See https://github.com/JuliaLang/julia/blob/master/base/functors.jl

This types could also hold states. When passing these as arguments julia can do inlining and all that jazz.

@papamarkou
Copy link
Contributor Author

Thanks, I also found the following in the documentation:

http://docs.julialang.org/en/release-0.4/manual/methods/#call-overloading-and-function-like-objects

@KristofferC
Copy link
Collaborator

Also what is interesting is not the cost of the closure vs calling a normal function but the cost of passing a closure vs a function + arguments to ForwardDiff. My gut says there will be very little difference. I'm in bed now so can't test it.

@jrevels
Copy link
Member

jrevels commented Dec 10, 2015

Here's a concrete example of making a callable type and using it with ForwardDiff:

julia> immutable Foo{T}
           x::T
           y::T
       end

julia> call(f::Foo, a) = a^(f.x) + (a / f.y)
call (generic function with 1033 methods)

julia> f = Foo(3, 2)
Foo{Int64}(3,2)

julia> f(2.5)
16.875

julia> using ForwardDiff

julia> ForwardDiff.derivative(f, 2.5)
19.25

As @KristofferC said, you can use these types instead of closures. Any time where you would make a new closure to update the values, you can instead make a new instance of one of these types. If your type is mutable, you could just update the fields as you go instead of making new instances (though keeping it immutable could work better if you're storing isbits field types, like numeric primitives).

AFAIK, the plan is for closures to start using this callable type strategy "under the hood" in v0.5 (see JuliaLang/julia#13412).

@papamarkou
Copy link
Contributor Author

That's amazing, I must say. I am feeling a bit puzzled though in two respects; i) in your example f is of type Foo and not of type Function, right? How is it possible then that Forward.derivative(f, 2.5) perceives f as a generic function instead of Foo?! ii) Jeff mentioned in the issue you forwarded that the call function will be deprecated; in this case, would your nice example remain applicable? Bed time for me too, but will see your reply tomorrow.

@papamarkou
Copy link
Contributor Author

Actually, I found the answer to the second question, I think call will be replaced by (f::Foo)(a) = a^(f.x) + (a / f.y) in our example...

@papamarkou
Copy link
Contributor Author

I am trying to understand how this would work in practice, if I would need to introduce a new log-target type and make it callable, too tired to think clearly now, tomorrow again...

@papamarkou
Copy link
Contributor Author

I wanted to add 2 more thoughts. Firstly, the functors are a great idea but (as any tool) they are not the proper means for every situation. More specifically, consider the case of having a functor f with field f.y for holding the field that would otherwise be enclosed in a closure, and let's say we call f(x), where f in its body uses f.y. This is all fine. But once we consider a second functor g with the same field g.y and call g(x) this becomes problematic if we would want f.y and g.y to point to a common vector (because f and g have their own copies of y).

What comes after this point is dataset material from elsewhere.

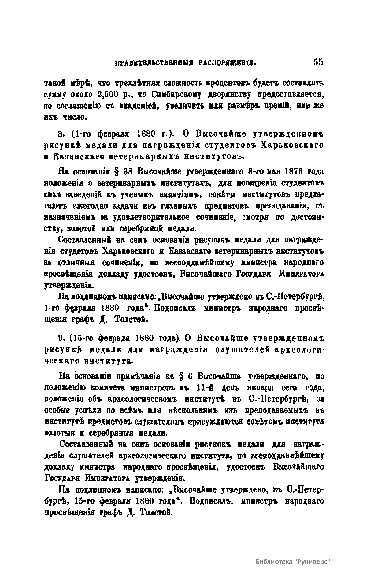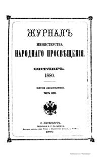 Журнал Министерства народного просвещения выходил с 1834-го по 1917 год. Официальный периодический журнал об успехах просвещения в России. Издатели журнала уверены в том, что «если для каждого человека необходим выход из грубой тьмы невежества и беспрерывное дальнейшее движение к свету, то для народов необходимо попечительное участие правительства в образовании. Только правительство имеет все средства знать и высоту успехов всемирного образования, и настоящие нужды Отечества».

The second remark relates to the comment made by @KristofferC; I wrote a simple example for which in one case we pass a closure f whereas in another case we pass a function g plus an argument a. If the closure doesn't need to be redefined, then there seems to be no difference in performance:

function mytest()
  len = 2000

  a = rand(len)
  x = rand(len)

  n = 1000000

  function f(x)
    x+a
  end

  function g(x, y)
    x+y
  end

  function fwrapper(f, x)
    f(x)
  end

  function gwrapper(g, x, y)
    g(x, y)
  end

  @time for i in 1:n
    fwrapper(f, x)
  end

  @time for i in 1:n
    gwrapper(g, x, a)
  end
end

mytest()

The only problem of course is development-related, i.e. having one version of user-defined function g(x, a) and then another internal version of it calling the relevant closure h(x). If this needs to be done for many functions, I need to maintain double copies for each function to communicate with the user, one external g(x, a) that doesn't enclose a (because as far as the API goes I do need to have a version of g that is not a closure so that l can create the closure later on, once a has been defined) and an internal that provides the respective closure. This is my glue code solution to proceed, with some extra memory penalty of course... but that's the only way I can reconcile the restriction posed by only allowing closures with ForwardDiff in the context of a general Gibbs scheme.

@KristofferC
Copy link
Collaborator

There is no reason why you couldn't make two separate instances of a functor hold references to the same vector.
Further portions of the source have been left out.